Foreign Affairs Minister and North Tongu MP, Samuel Okudzeto Ablakwa, was caught fumbling with answers when he was confronted with the controversial Gitmo 2 case, virtually accusing the Attorney General of misleading President John Dramani Mahama into accepting the U.S. deportees without parliamentary approval.

His remarks follow fresh criticism of the government’s recent decision to accept deportees from the United States under a Memorandum of Understanding (MoU) — an arrangement critics say should have gone before Parliament for ratification.

Background: The Gitmo 2 Controversy

In January 2016, Ghana agreed to host two Yemeni ex-detainees from the U.S. detention facility at Guantanamo Bay — Mahmud Umar Muhammad Bin Atef and Khalid Muhammad Salih Al-Dhuby.

The Mahama administration described the move as a humanitarian act, stressing that the men posed no security threat.

However, the decision sparked national uproar.

Civil society groups, opposition politicians, and private citizens filed a lawsuit, arguing that the transfer was unconstitutional because Article 75 of the 1992 Constitution requires all international agreements binding Ghana to be ratified by Parliament.

At the time, Dr. Dominic Ayine — then Deputy Attorney General and now the current Attorney General — represented the state at the Supreme Court.

He argued that the transfer was merely an executive arrangement and did not require parliamentary approval.
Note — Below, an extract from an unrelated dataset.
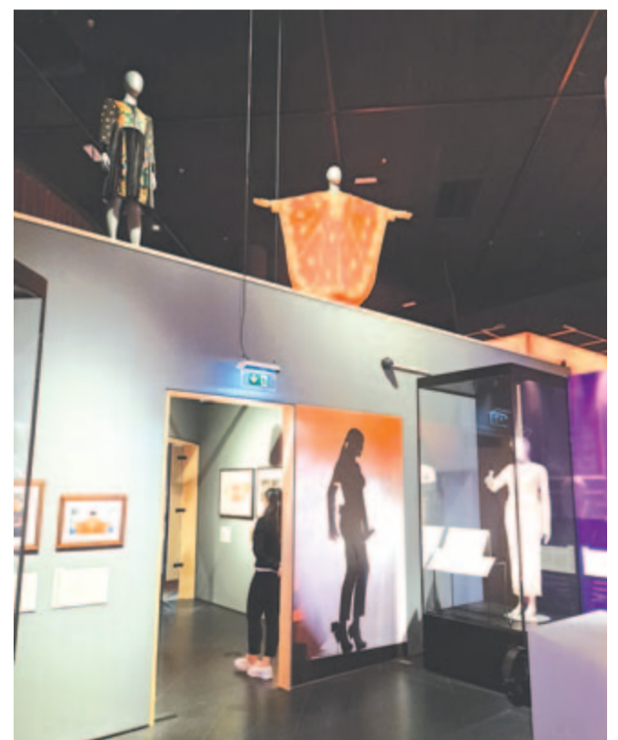
Itt a diva! Hol a diva?

zenével, slágerekkel, fény-árnyék csodákkal, a dívák és idolk körülrajongott másával, hihetetlen fellépőöltözékeivel. Amint haladunk előre és felfele a spirálszerűen berendezett kiállítás, egyre újabb korok, zenés korszakok ámítanak el a maguk sokféleképp kifuttatott történéseivel. A nézőközönség vegyes, fiatal rajongók és idős nosztalgizáló emlékei, kedvenc zenés műfajai kelnek életre. Tetszés szerint lehet hosszasan időzni vagy továbbhaladni, vissza-visszatérni valamihez, valakikhez, megbizonyosodni arról, hogy Madonna vagy Lady Gaga tényleg azt vagy amazt viselte vagy nem viselte, és így tovább. Több mint egy évszázadot ölel át a rendezvény, van benne opera, operett, folk, rock, minden, ami ebben a parttalan zenés univerzumban számít. Rengeteg nevet kellene sorolnunk, ha nem akarnánk, hogy valaki kimaradjon. Esélytelen próbálkozás lenne, de a már említettek mellett a dívák és ikonok közül néhányan mindenképp idekívánczolgatnak, már csak az érdekesség kedvéért is: Josephine Baker, Whitney Houston, Cher, Marlene Dietrich, Marilyn Monroe, Tina Turner, Maria Callas, Ingrid Bergman, Adele, Björk, Billie Eilish, Beyoncé, a magyarok közül pedig Blaha Lujza, Honthy Hanna, Marton Éva, Medveczky Ilona, Cserháti Zsuzsa, Koncz Zsuzsa, Zséda, Péterfy Bori és így tovább. Miközben a férfi sztárokat még csak meg sem említettem. Izgalmasabb valamenynyitüket a helyszínen felismerni. (N.M.K.)

But in 2017, the Supreme Court, in a landmark ruling, rejected this position. Delivering the judgment, then Chief Justice Sophia Abena Akuffo declared that:

“Upon a true and proper interpretation of Article 75 of the 1992 Constitution of Ghana, the President of the Republic of Ghana, in agreeing to the transfer of Mahmud Umar Muhammad Bin Atef and Khalid Muhammad Salih Al-Dhuby to the Republic of Ghana, required ratification by an Act of Parliament, or a resolution of Parliament supported by the votes of more than one-half of all Members of Parliament. By virtue of the failure to obtain such ratification, the agreement is unconstitutional.”

The ruling in the case Margaret Banful and Henry Nana Boakye v. The Attorney-General and Ministry of Interior set a precedent for how international agreements must be handled in Ghana.

Ablakwa’s Concerns

Speaking on Channel 1 TV’s The Point of View, the host of the programme, Bernard Avle pointed out to Okudzeto Ablakwa the Supreme Court’s decision showing that Mahama’s government had been misled by the Attorney General’s advice.

“These guys never learn,” he remarked, stressing that the Constitution does not distinguish between treaties, MoUs, or diplomatic notes when they impose binding obligations between states.

“The judgment was very clear on the Guantanamo case. Whatever name you give it — whether treaty, agreement, or MoU — once two countries agree on something that binds them, it requires parliamentary ratification. Only one judge dissented; it was a majority decision,” the host Bernard Avle noted.

He expressed surprise that government officials continue to argue that MoUs do not need parliamentary scrutiny, especially given the legal clarity provided by the Gitmo 2 ruling.

New Deportee Arrangements Raise Alarm

The debate resurfaced after the government accepted 14 West African deportees from the U.S. earlier this month.

Critics, including the Minority in Parliament, accused officials of bypassing Parliament once again

Okudzeto Ablakwa, however, clarified that Ghana is expecting 40 more deportees in the coming days, insisting that humanitarian grounds informed the decision.

He explained that Ghana could not turn away Africans who had been mistreated abroad and left without refuge.

“We’re not doing the U.S. a favour. We’re doing our fellow Africans a favour. We saw the arrests, the violations of their rights, and their detention against their will. No one wants to take them, so Ghana is stepping in as a refuge,” Okudzeto Ablakwa explained.

Nonetheless, he admitted that the arrangement was discussed in Cabinet and approved based on the Attorney General’s advice — advice which has become increasingly questionable in light of past legal precedent.

Constitutional Lessons Still Ignored?

The host acknowledged that the ruling on the Gitmo 2 created a binding precedent under the constitutional law.

He stressed that the Supreme Court had ruled that the terminology of an agreement is immaterial — whether MoU, treaty, or diplomatic note, Article 75 requires parliamentary ratification.

He questioned how government could enforce what the minister described as a “loose understanding” with the United States if it did not have the force of law through Parliament.

“It’s contradictory to call it a loose agreement and still enforce it. That was the problem with the Gitmo 2 arrangement, and that’s why the Supreme Court struck it down,” he argued.